Have a disadvantage that they have a large number of components, and the terminals 76 and 77 are attached to one ferrite core (72 in this case). Had the disadvantage of having to do so. Ferrite used as a magnetic core generally has a DC specific resistance of about 3000 Ω · cm. However, when a high frequency is applied, the specific resistance decreases to about several tens of Ω · cm. Had been a problem.

SUMMARY OF THE INVENTION Accordingly, an object of the present invention is to provide a thin inductor which has a reduced number of components, can be mounted on both sides, and has excellent insulation without a decrease in function due to electric leakage.

[0005]

According to the present invention, there is provided a coil whose leading portions at both ends extend in one direction, and a coil accommodating portion for accommodating the coil when the two are opposed to each other, And a pair of magnetic cores whose inner surfaces surrounding at least the coil accommodating portion (at least a portion in contact with the coil) are covered with an electric insulating film, and two rectangular box-shaped members each lacking one surface in the longitudinal direction, The pair of magnetic cores accommodates both ends of the magnetic core in another direction orthogonal to the one direction, and on the outer surface of the two rectangular box-shaped sides on which the lead-out portions are provided,
A thin inductor is provided, comprising a pair of fixing brackets attached so that a pair of terminals for electrically connecting the ends of the lead portions at both ends are opposed to each other.

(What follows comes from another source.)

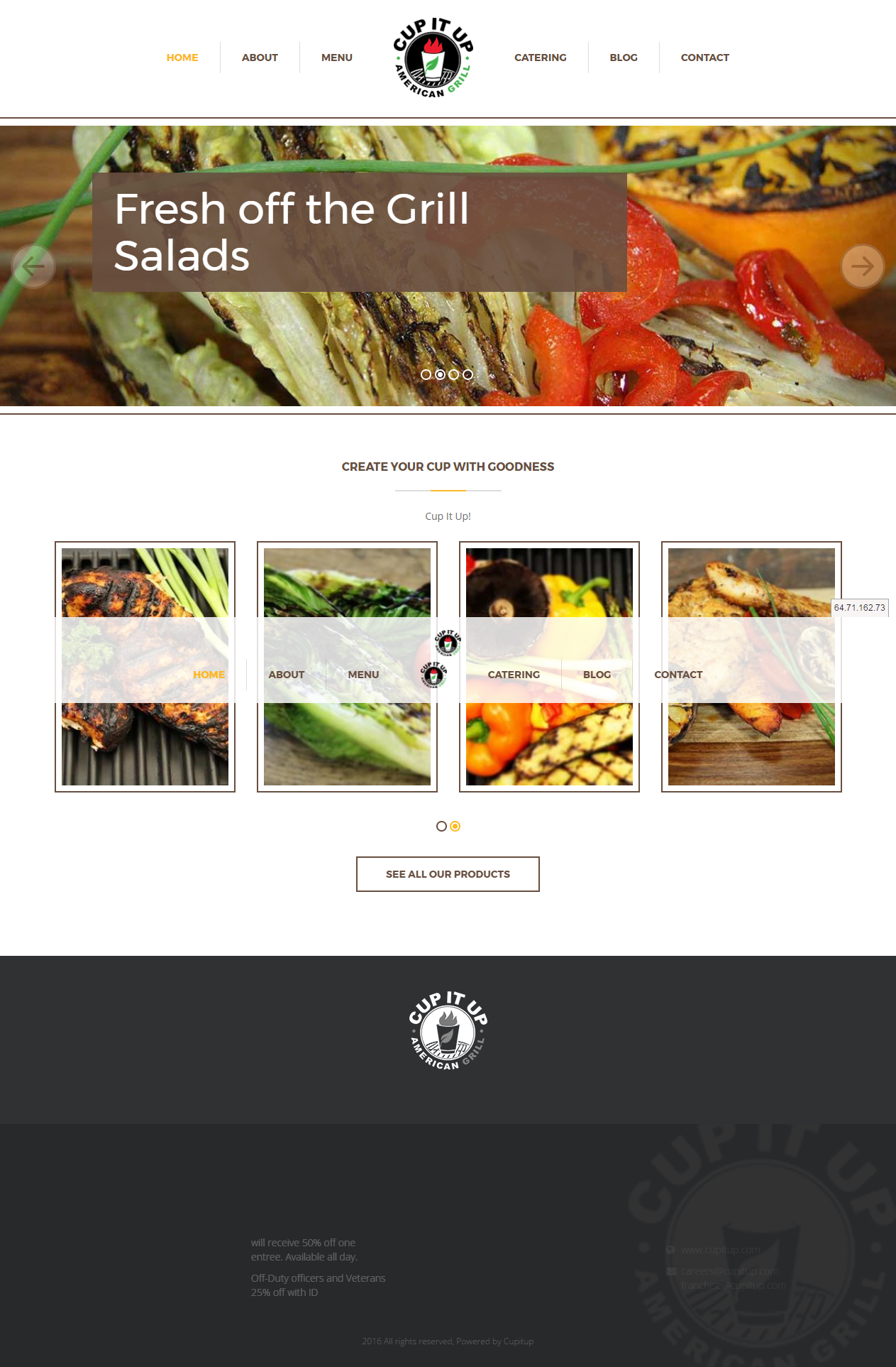 Il concetto di "Cup It Up American Grill" deriva da una necessità di comodità e mobilità. Separando le proteine più popolari, verdure, lati e condimenti, permettiamo al consumatore la scelta finale di opzioni fresche. Tutti gli ingredienti del nostro menu saranno alla griglia o serviti freschi nel loro stato naturale.
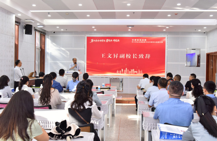 6月28日,由甘肃省教育厅主办、yl6809永利官网承办的第十届全国学生“学宪法 讲宪法”活动系列比赛中小学法治课教师与法治副校长微课比赛甘肃省选拔赛在西北师大云亭校区举行。省教育厅党组成员、总督学敏维奇,yl6809永利官网副校长王文昇出席启动仪式并讲话。

In the above-mentioned thin inductor, the above-mentioned electric insulating film is formed of an organic polymer film, a metal oxide film,
Alternatively, it may be a metal nitride film. Further, as the organic polymer film, an organic polymer film containing at least one of a v-epoxy resin film, a fluorine-based polyimide amide resin film, an acrylic resin film, an alkyd resin film, and a phenol resin film. Preferably, the metal oxide film is a metal oxide containing SiO ₂ , and the metal nitride film is a metal nitride film containing at least one of an AlN film and a TiN film. It is preferably a coating.

[0007]

DESCRIPTION OF THE PREFERRED EMBODIMENTS Embodiment 1 FIG. 1 is a view showing a configuration of a thin inductor according to an embodiment of the present invention.
(A) is an exploded view as viewed obliquely, and (b) is an external view as viewed obliquely. However, their dimensional ratios are different. First, the outline of the configuration will be described with reference to FIG. 1B. This thin inductor is provided with a lead portion 31 of a coil housed therein.
Ferrite core 40 having opening 11 for drawing out
And 50, and a pair of fixtures 20 for accommodating both sides of the ferrite core. Opening 11 of this fixture
The connection terminals 21 are attached to the outer surface on the side of the side facing each other, and the exposed distal end of the lead-out portion 31 is connected. The ferrite cores 40 and 50 and the internal coil are collectively referred to as an inductor body 10.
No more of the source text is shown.